Sunday, October 15, 2017

35.4 - Not Good News: Dakota Access pipeline to continue operations during review

Not Good News: Dakota Access pipeline to continue operations during review

Unfortunately, this week we also have some Not Good New.

You remember, I surely hope, the activism and protest around the Dakota Access Pipeline, a 1,200-mile oil pipeline to be part of the system to get tar sands oil from Canada across the Midwest and ultimately to the Gulf Coast.

Still, a bit of history to get you up to date. The planned route of the pipeline, being built by a corporation called Energy Transfer Partners, crossed the Missouri River just upstream from the Standing Rock Sioux reservation in North Dakota, threatening lands sacred to the tribe as well as its source of drinking water.

The outpouring of support that lead to the mass protests at the site were undoubtedly part of what moved the Obama administration to deny the final permits to cross the river and to promise a full environmental review that considered the Tribe's treaty rights as well as alternative routes.

And of course almost immediately on taking office, TheRump reversed all that and gave the permits.

The Tribe filed a lawsuit to challenge this decision, but construction went ahead and was completed while the case was proceeding.

In June, just weeks after pipeline operations had begun, the US District Court for the District of Columbia ruled that the Army Corps of Engineers had not complied with environmental review laws before issuing permits for the pipeline to cross the Missouri River. The court ordered the Corps to do a new analysis of critical issues it hadn't properly addressed.

Here's where the Not Good News comes in: The court also ordered a separate briefing to assess whether the pipeline should be shut down while this so-called "remand" process is going on.

On October 11, the DC District Court ruled that the pipeline can keep operating. It rejected the claim that shutting it down would cause substantial economic harm to the company, noting that Energy Transfer Partners got itself into that situation by starting operations while the case was being litigated, but also ruled that because it is "possible" that when the remand is complete the Corps can justify its decision not to conduct a full review, the gunk can keep moving.

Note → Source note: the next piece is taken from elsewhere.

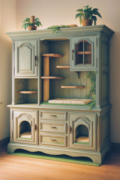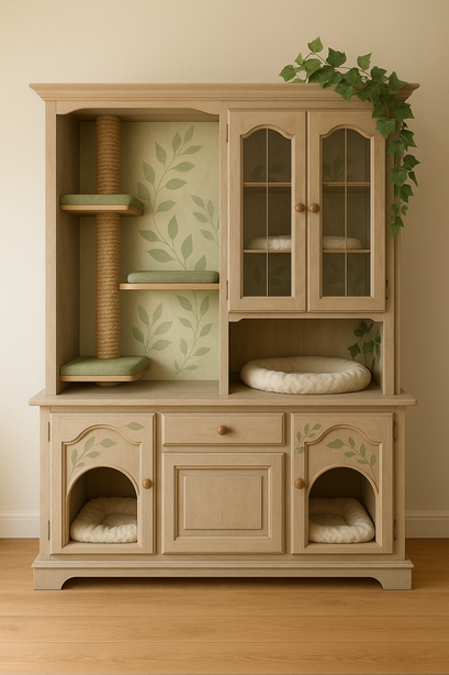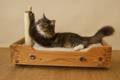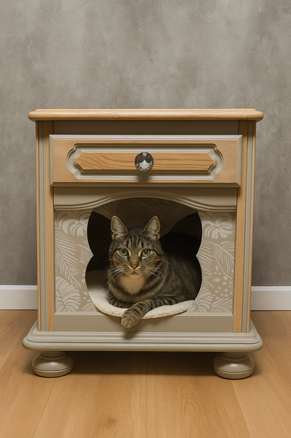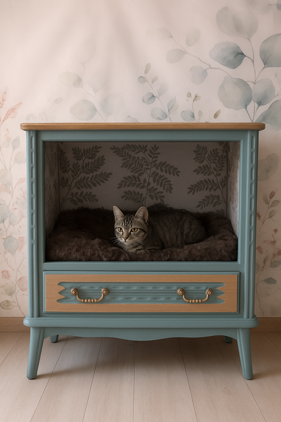 Chez Bois et Museaux, nous redonnons vie aux meubles oubliés en les transformant en véritables cocons pour vos compagnons. Espaces de repos pratiques et esthétiques pour chats, chiens et petits animaux: maisons pour chats lits intégrés, niches dissimulées, griffoirs chics et coussins sur mesure...

The Tribe had also asked for additional measures to reduce the risk of oil spills; that is still before the court.

For now, the Tribe intends to focus on the remand process and has a team of experts assisting it in providing input. The Corps of Engineers has stated that remand process should be complete by April 2018 and the court admonished the Corps not to treat this process as a "bureaucratic formality" but to give "serious consideration" to the errors identified by the court.

So the fight goes on, but right now the news is not good.